### Exercise goal
Look below for the line that contains "общая 33,6 м2, жилая 10 м2, кухни 15 м2 |" and the line that contains "midst of nature.", then restate both of them and every line in between, exactly. No picture goes in the copy.

### Items listed in a dataset
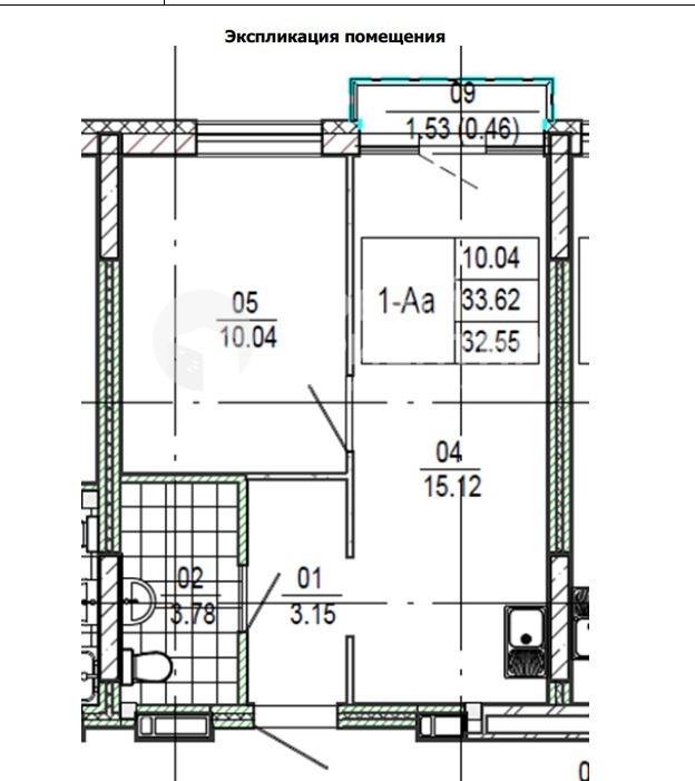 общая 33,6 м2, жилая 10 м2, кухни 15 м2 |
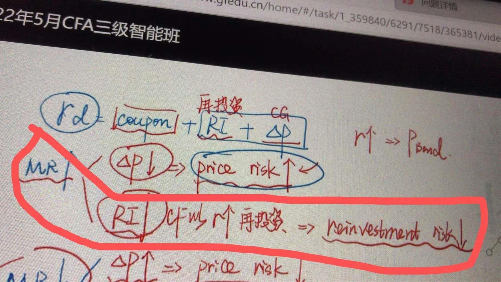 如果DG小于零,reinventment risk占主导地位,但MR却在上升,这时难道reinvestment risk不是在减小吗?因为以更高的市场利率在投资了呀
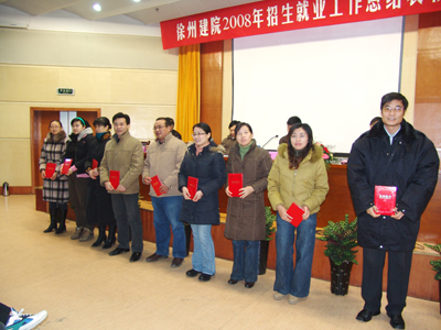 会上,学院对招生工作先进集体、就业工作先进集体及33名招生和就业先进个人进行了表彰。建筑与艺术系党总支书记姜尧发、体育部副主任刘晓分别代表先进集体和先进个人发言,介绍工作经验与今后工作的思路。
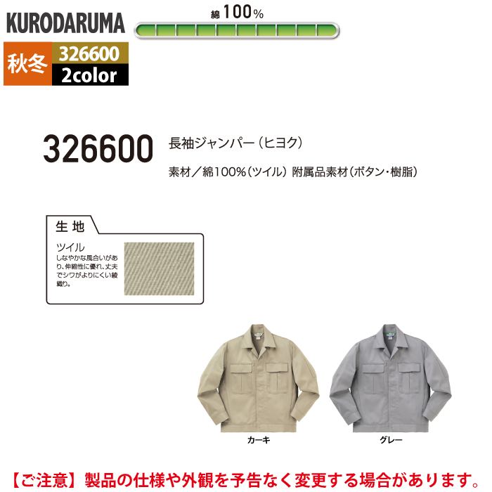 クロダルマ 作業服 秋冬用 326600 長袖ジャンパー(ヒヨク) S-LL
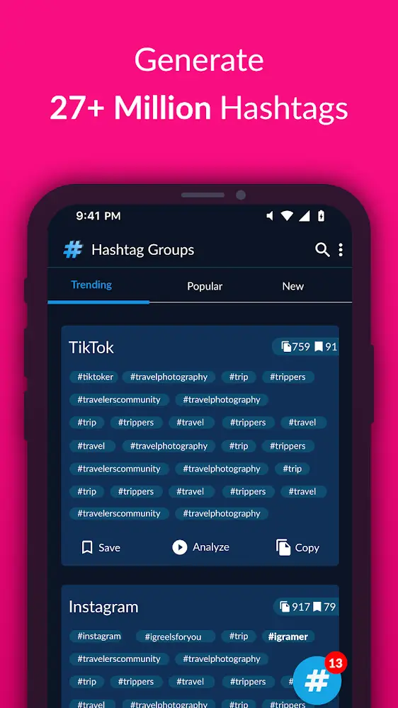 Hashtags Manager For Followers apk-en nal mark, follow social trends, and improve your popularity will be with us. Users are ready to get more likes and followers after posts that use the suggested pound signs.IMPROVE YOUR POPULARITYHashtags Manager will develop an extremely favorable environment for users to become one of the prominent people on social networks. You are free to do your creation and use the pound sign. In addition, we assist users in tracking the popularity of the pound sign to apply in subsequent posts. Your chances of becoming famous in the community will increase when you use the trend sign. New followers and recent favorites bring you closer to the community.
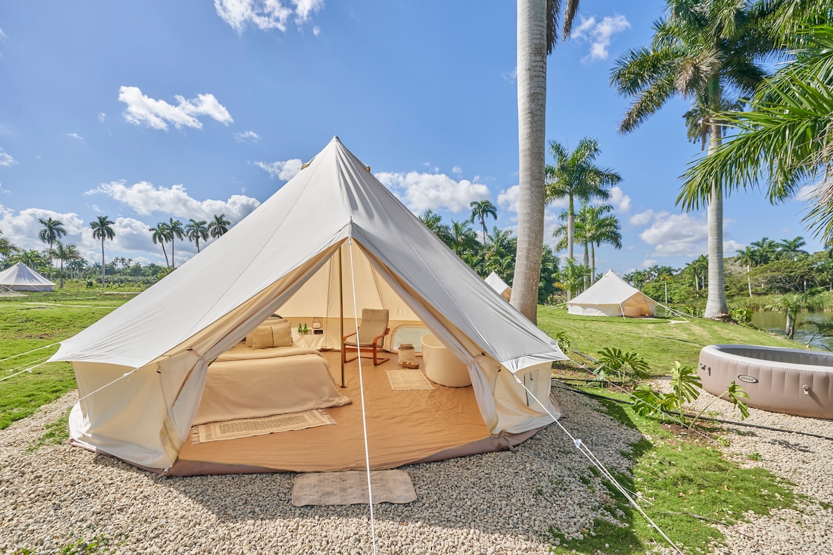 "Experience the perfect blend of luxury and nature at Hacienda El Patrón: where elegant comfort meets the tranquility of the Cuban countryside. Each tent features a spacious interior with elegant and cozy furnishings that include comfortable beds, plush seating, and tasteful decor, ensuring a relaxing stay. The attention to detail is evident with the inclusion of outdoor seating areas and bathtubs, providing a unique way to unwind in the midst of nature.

...

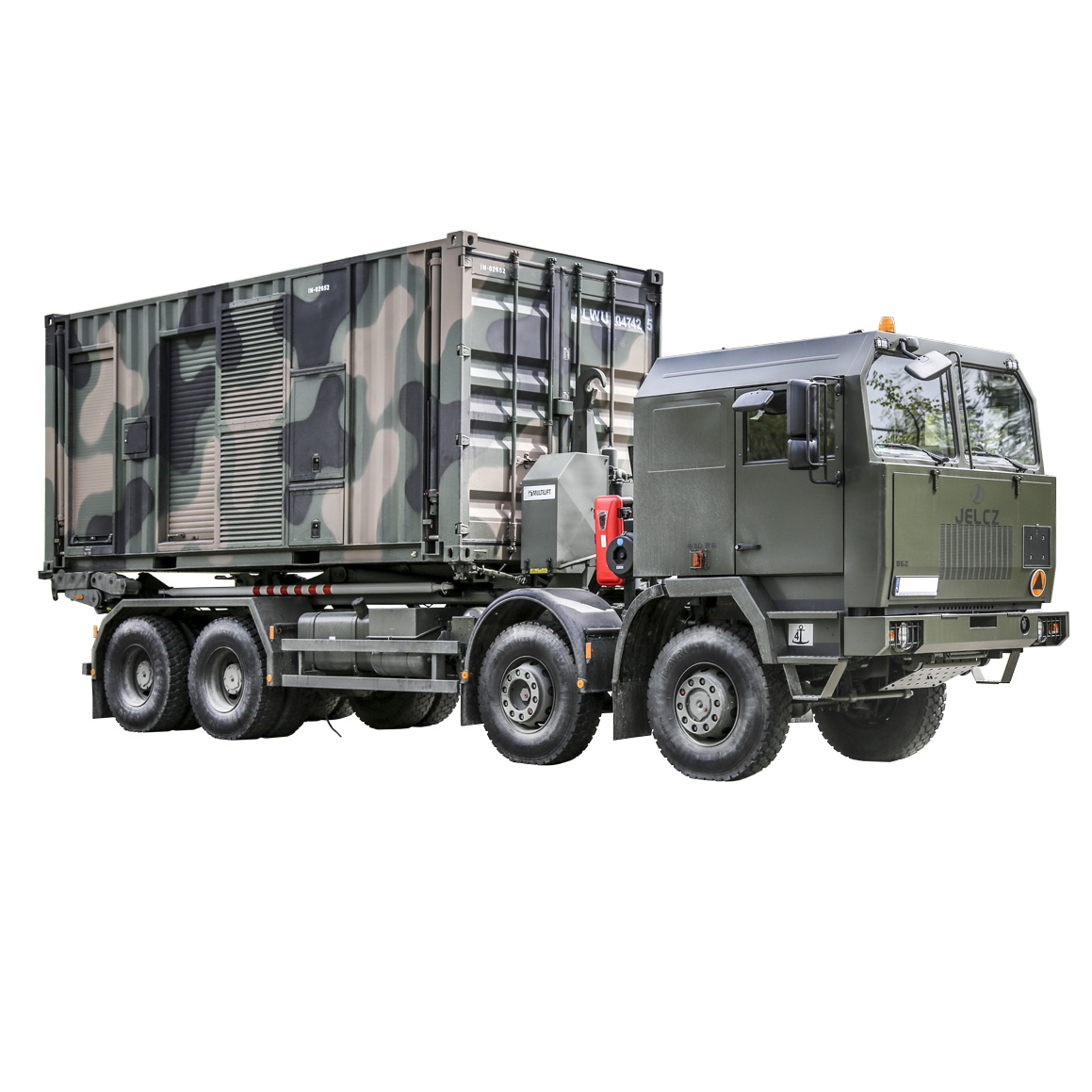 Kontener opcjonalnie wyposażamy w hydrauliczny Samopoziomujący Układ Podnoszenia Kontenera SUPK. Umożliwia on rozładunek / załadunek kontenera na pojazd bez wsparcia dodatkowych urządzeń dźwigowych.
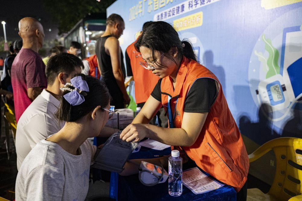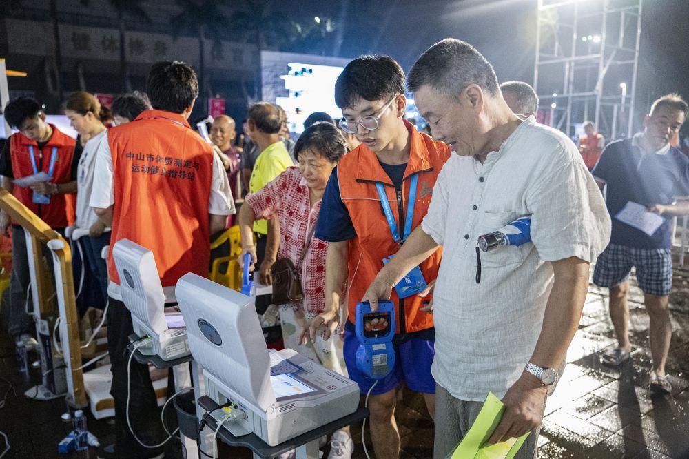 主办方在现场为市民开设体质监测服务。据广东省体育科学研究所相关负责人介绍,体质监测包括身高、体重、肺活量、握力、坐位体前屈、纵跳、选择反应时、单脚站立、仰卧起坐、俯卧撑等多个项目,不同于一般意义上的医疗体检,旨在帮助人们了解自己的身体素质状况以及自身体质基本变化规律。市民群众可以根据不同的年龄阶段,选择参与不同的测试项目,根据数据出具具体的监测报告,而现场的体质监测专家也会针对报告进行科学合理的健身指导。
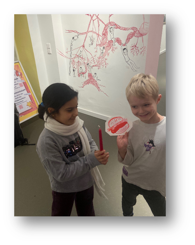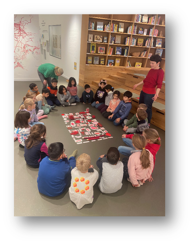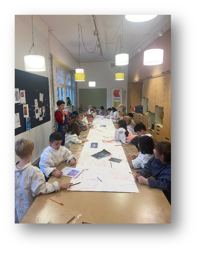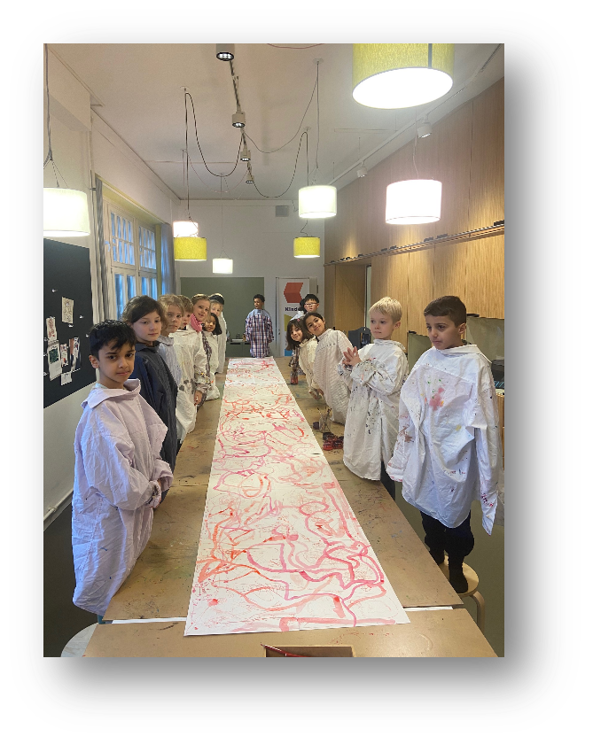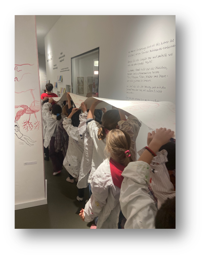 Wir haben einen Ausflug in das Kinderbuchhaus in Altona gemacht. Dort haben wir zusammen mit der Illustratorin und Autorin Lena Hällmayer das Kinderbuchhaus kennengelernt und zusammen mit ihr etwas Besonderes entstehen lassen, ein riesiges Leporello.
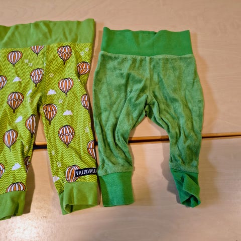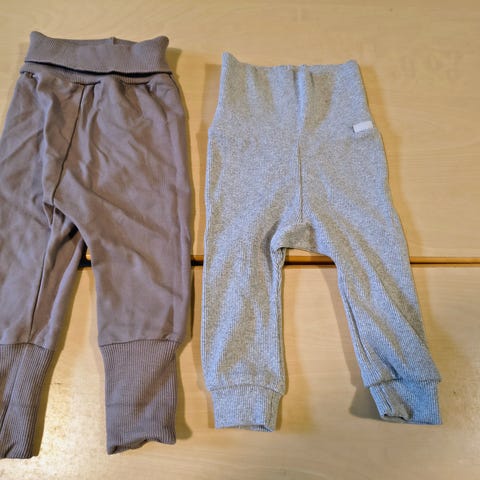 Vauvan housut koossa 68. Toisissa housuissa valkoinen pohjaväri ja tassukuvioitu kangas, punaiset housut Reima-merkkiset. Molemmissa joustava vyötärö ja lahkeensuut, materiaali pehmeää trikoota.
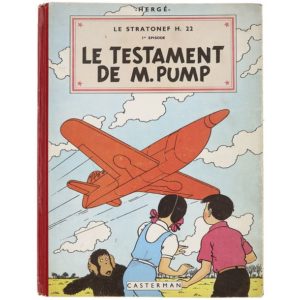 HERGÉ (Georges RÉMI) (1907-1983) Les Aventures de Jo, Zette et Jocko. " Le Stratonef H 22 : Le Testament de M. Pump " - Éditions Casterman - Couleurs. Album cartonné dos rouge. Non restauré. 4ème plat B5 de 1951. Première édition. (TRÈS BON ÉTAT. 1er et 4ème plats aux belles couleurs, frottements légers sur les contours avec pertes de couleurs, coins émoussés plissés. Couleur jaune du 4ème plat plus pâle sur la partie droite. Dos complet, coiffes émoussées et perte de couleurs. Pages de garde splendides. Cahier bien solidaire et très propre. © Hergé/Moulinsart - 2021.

### Response area
 общая 33,6 м2, жилая 10 м2, кухни 15 м2 |
 如果DG小于零,reinventment risk占主导地位,但MR却在上升,这时难道reinvestment risk不是在减小吗?因为以更高的市场利率在投资了呀
 会上,学院对招生工作先进集体、就业工作先进集体及33名招生和就业先进个人进行了表彰。建筑与艺术系党总支书记姜尧发、体育部副主任刘晓分别代表先进集体和先进个人发言,介绍工作经验与今后工作的思路。
 クロダルマ 作業服 秋冬用 326600 長袖ジャンパー(ヒヨク) S-LL
 Hashtags Manager For Followers apk-en nal mark, follow social trends, and improve your popularity will be with us. Users are ready to get more likes and followers after posts that use the suggested pound signs.IMPROVE YOUR POPULARITYHashtags Manager will develop an extremely favorable environment for users to become one of the prominent people on social networks. You are free to do your creation and use the pound sign. In addition, we assist users in tracking the popularity of the pound sign to apply in subsequent posts. Your chances of becoming famous in the community will increase when you use the trend sign. New followers and recent favorites bring you closer to the community.
 "Experience the perfect blend of luxury and nature at Hacienda El Patrón: where elegant comfort meets the tranquility of the Cuban countryside. Each tent features a spacious interior with elegant and cozy furnishings that include comfortable beds, plush seating, and tasteful decor, ensuring a relaxing stay. The attention to detail is evident with the inclusion of outdoor seating areas and bathtubs, providing a unique way to unwind in the midst of nature.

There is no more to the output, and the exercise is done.